According to the BP 2010 Statistical Review of World Energy, in 2009, the United States consumed 18.686 million BOPD, produced 7.196 million BOPD resulting innet imports of 11.49 million BOPD. In contrast,China consumed 8.625 million BOPD, produced 3.790 million BOPD resulting in net imports of 4.835 million BOPD. The EIA projects that domestic United States oil production will fall to 5.37 million BOPD in 2011 based partially on the recent drilling moratorium in the Gulf of Mexico. Total world production reached 79.948 million BOPD in 2009 and consumption was 84.077 million BOPD.
From this chart captured from the BP report, you can see that world oil production has not grown meaningfully since 2004. As a geoscientist, this tells me that if we haven’t reached world peak production capability, we are very, very close.

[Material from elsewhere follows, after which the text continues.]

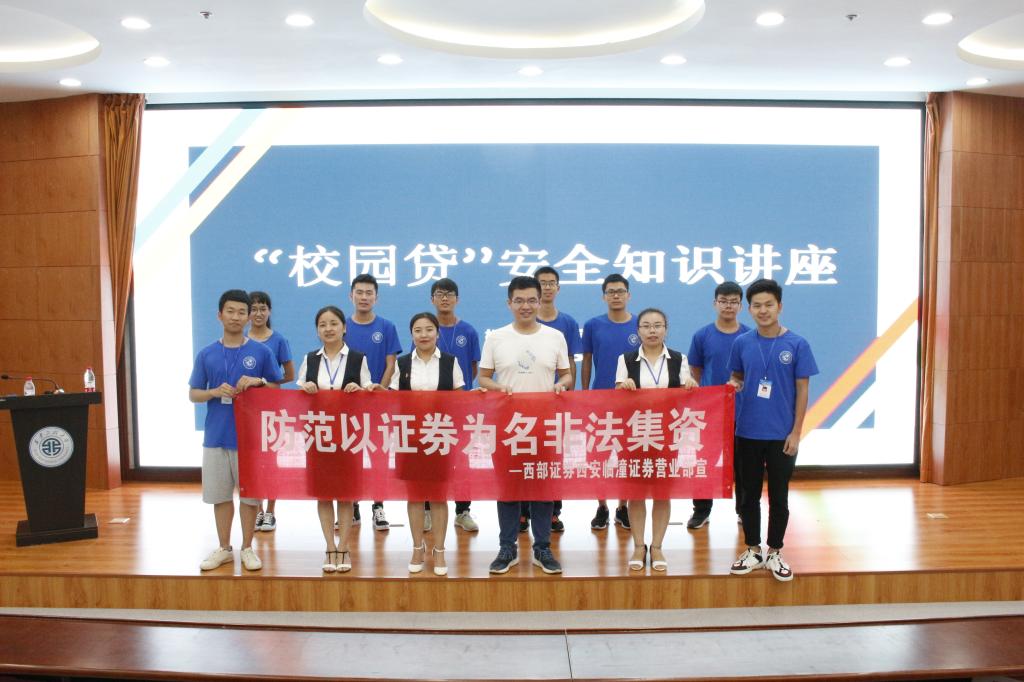 6月25日,Beat365中文官方网站于图书馆一楼报告厅成功举办“远离非法贷,警惕青春债”――预防“非法集资”、“校园贷”安全知识讲座。学院17级辅导员黄超、西部证券股份有限公司投资顾问任菲、李静、投教专员孟美萍及来自17级各专业的百余名同学到场参加了讲座活动,讲座由黄超主持。

China’s oil consumption in the 5 years from 2004 to 2009 has grown from 6.772 million BOPD to 8.625 million BOPD, a 27% increase in just 5 years. In that same time frame, their oil imports have grown from 3.291 million BOPD to 4.835 million BOPD, a 45 percent increase. Over that same 5 year time frame, the United States’ oil consumption has declined from 20.732 million BOPD to 18.686 million BOPD (the decline in consumption for 2009 was likely due to the economic downturn). While United States oil production changed very little over the 5 year period, it is also important to note that 2009 was an anomalous year as production in the United States had declined from 7.731 million BOPD in 1999 to 6.734 million BOPD in 2008, a 15 percent decline. If the EIA is correct in its assumptions as noted above, the production/consumption gap will markedly increase in part because of the moratorium in the Gulf. If we ignore the 2009 data because it is off the long term trend, over the 4 years from 2004 to 2008, net imports decreased from 13.504 million BOPD to 12.764 million BOPD. Despite the decline in imports and minor drop in consumption, the United States is still the world’s largest importer of oil.

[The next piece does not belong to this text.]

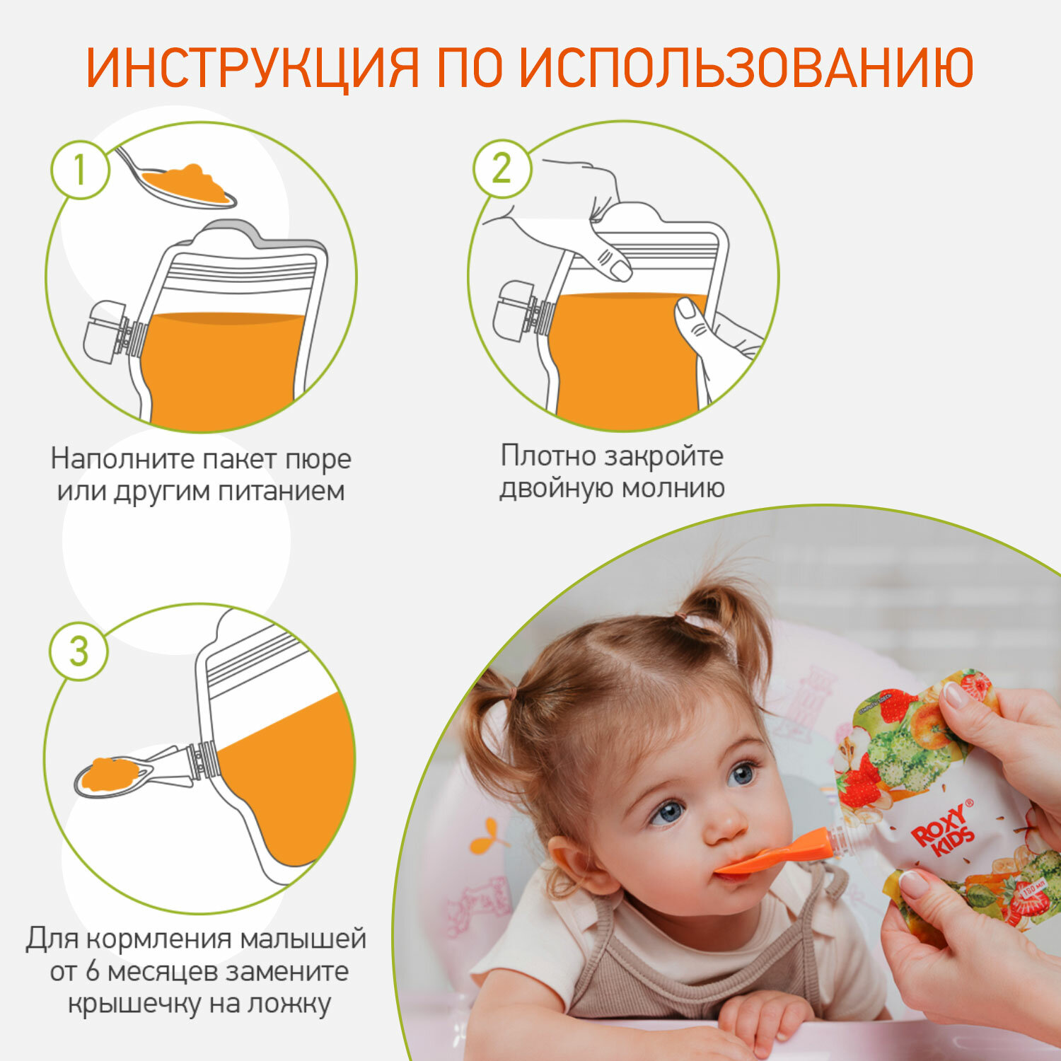 Купить Многоразовые пакеты для хранения детского питания 5 шт с ложкой-накруткой ROXY-KIDS

In the first part of this posting, I noted that on a per capita basis, China’s resident use only 1.7 tons of oil equivalent per year compared to 7.07 tons of oil equivalent per year for residents of the United States. Holding all else equal, if China were to raise their standard of energy consumption to that of the United States, they would consume nearly 45 percent of the world’s current daily oil production compared to the 11 percent that they now consume. China’s consumption would rise to 35.87 million barrels per day; assuming that world oil production levels are most likely to drop over the next decade, the supply/demand gap becomes even larger. This can mean only one thing; competition for finite oil resources will become more and more intense. That energy gap projection alone is what is going to affect the world’s political scene for the coming generation.

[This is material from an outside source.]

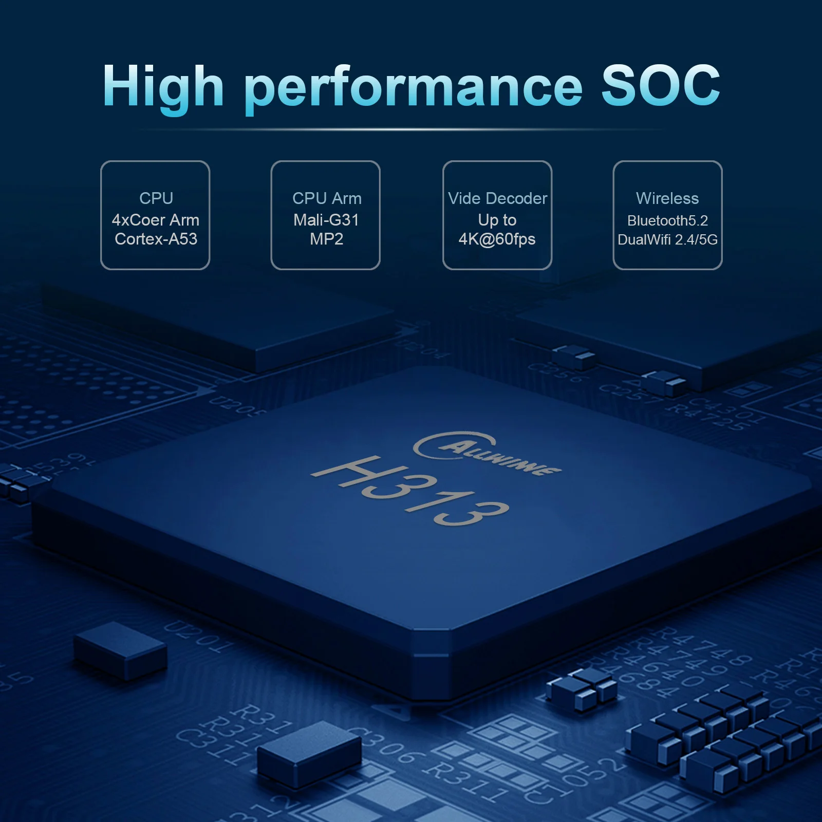 This T95Q TV box is equipped with H313 chipset, new Android 11.0 system, better software, game and application compatibility and better user interface. In other words, it can help your application start faster, consume less memory while running smoother, giving you better user experience.

It is becoming quite apparent that China is already well aware that they will be competing for finite energy resources around the world, where ever they can get them. Canada is already feeling the effects of China’s new investment policy. Recent investments by PetroChina in the Athabasca oil sands telegraph their intent as did China Petrochemical Corporation’s purchase of Conoco-Phillips interest in Syncrude for $4.65 billion in April 2010. With that purchase, Sinopec will have a say in whether or not raw bitumen is exported for upgrading. According to a report by Bloomberg, China spent $32 billion in 2009 to acquire interests in mining and energy companies. We must also remember that China has huge foreign currency reserves (particularly United States Treasuries) totalling over 2.45 trillion USD that allow them to invest to secure their own future without taking on any debt, unlike nearly every other nation in the world.
I might be wrong, but I think that it is important that investors err on the side of caution and manage their portfolios with China’s emergence as the world’s most powerful nation in mind. China is already planning for its future and so should we.